Record extracts:
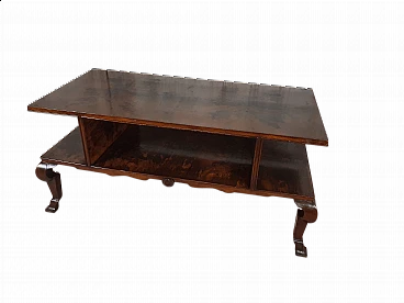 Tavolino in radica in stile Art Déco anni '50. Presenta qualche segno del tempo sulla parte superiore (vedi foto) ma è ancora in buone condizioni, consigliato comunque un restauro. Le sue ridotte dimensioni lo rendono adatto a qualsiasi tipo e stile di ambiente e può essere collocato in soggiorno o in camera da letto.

...

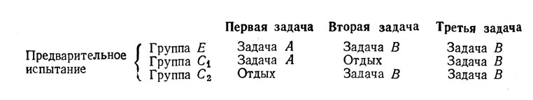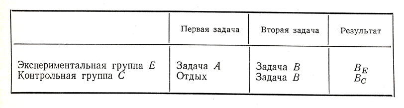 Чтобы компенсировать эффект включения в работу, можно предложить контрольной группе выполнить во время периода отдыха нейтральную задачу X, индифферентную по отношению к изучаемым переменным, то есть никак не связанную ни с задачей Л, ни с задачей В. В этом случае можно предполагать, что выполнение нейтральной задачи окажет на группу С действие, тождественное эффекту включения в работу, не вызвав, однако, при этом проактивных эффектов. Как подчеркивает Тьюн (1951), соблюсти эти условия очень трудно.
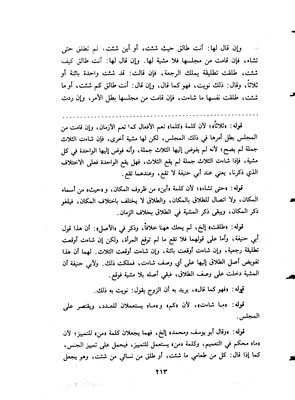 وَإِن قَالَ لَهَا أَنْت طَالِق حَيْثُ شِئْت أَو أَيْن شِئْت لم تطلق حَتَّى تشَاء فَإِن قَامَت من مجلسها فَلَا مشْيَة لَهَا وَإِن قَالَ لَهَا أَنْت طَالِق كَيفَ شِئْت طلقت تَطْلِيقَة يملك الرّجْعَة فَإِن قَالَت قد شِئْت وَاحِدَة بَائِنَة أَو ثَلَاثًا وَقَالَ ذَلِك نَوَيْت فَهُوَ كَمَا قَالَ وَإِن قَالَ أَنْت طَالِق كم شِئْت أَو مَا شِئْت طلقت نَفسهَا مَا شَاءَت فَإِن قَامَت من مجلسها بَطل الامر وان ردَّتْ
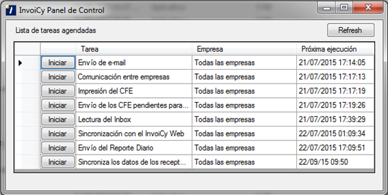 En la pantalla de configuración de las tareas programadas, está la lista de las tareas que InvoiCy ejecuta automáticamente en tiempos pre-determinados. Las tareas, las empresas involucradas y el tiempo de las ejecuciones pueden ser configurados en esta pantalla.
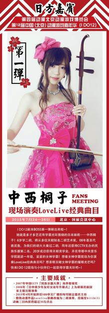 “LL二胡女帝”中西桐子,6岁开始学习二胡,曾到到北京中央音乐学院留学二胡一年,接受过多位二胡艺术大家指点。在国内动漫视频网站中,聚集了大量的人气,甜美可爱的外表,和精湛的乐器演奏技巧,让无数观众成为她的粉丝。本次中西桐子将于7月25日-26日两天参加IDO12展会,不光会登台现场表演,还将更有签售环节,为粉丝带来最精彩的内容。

Exercise aim:
Pictures in the material above should be skipped; print exactly the lines from the one with "وَإِن قَالَ لَهَا أَنْت طَالِق حَيْثُ" through the one with "En la pantalla".

Task output:
 وَإِن قَالَ لَهَا أَنْت طَالِق حَيْثُ شِئْت أَو أَيْن شِئْت لم تطلق حَتَّى تشَاء فَإِن قَامَت من مجلسها فَلَا مشْيَة لَهَا وَإِن قَالَ لَهَا أَنْت طَالِق كَيفَ شِئْت طلقت تَطْلِيقَة يملك الرّجْعَة فَإِن قَالَت قد شِئْت وَاحِدَة بَائِنَة أَو ثَلَاثًا وَقَالَ ذَلِك نَوَيْت فَهُوَ كَمَا قَالَ وَإِن قَالَ أَنْت طَالِق كم شِئْت أَو مَا شِئْت طلقت نَفسهَا مَا شَاءَت فَإِن قَامَت من مجلسها بَطل الامر وان ردَّتْ
 En la pantalla de configuración de las tareas programadas, está la lista de las tareas que InvoiCy ejecuta automáticamente en tiempos pre-determinados. Las tareas, las empresas involucradas y el tiempo de las ejecuciones pueden ser configurados en esta pantalla.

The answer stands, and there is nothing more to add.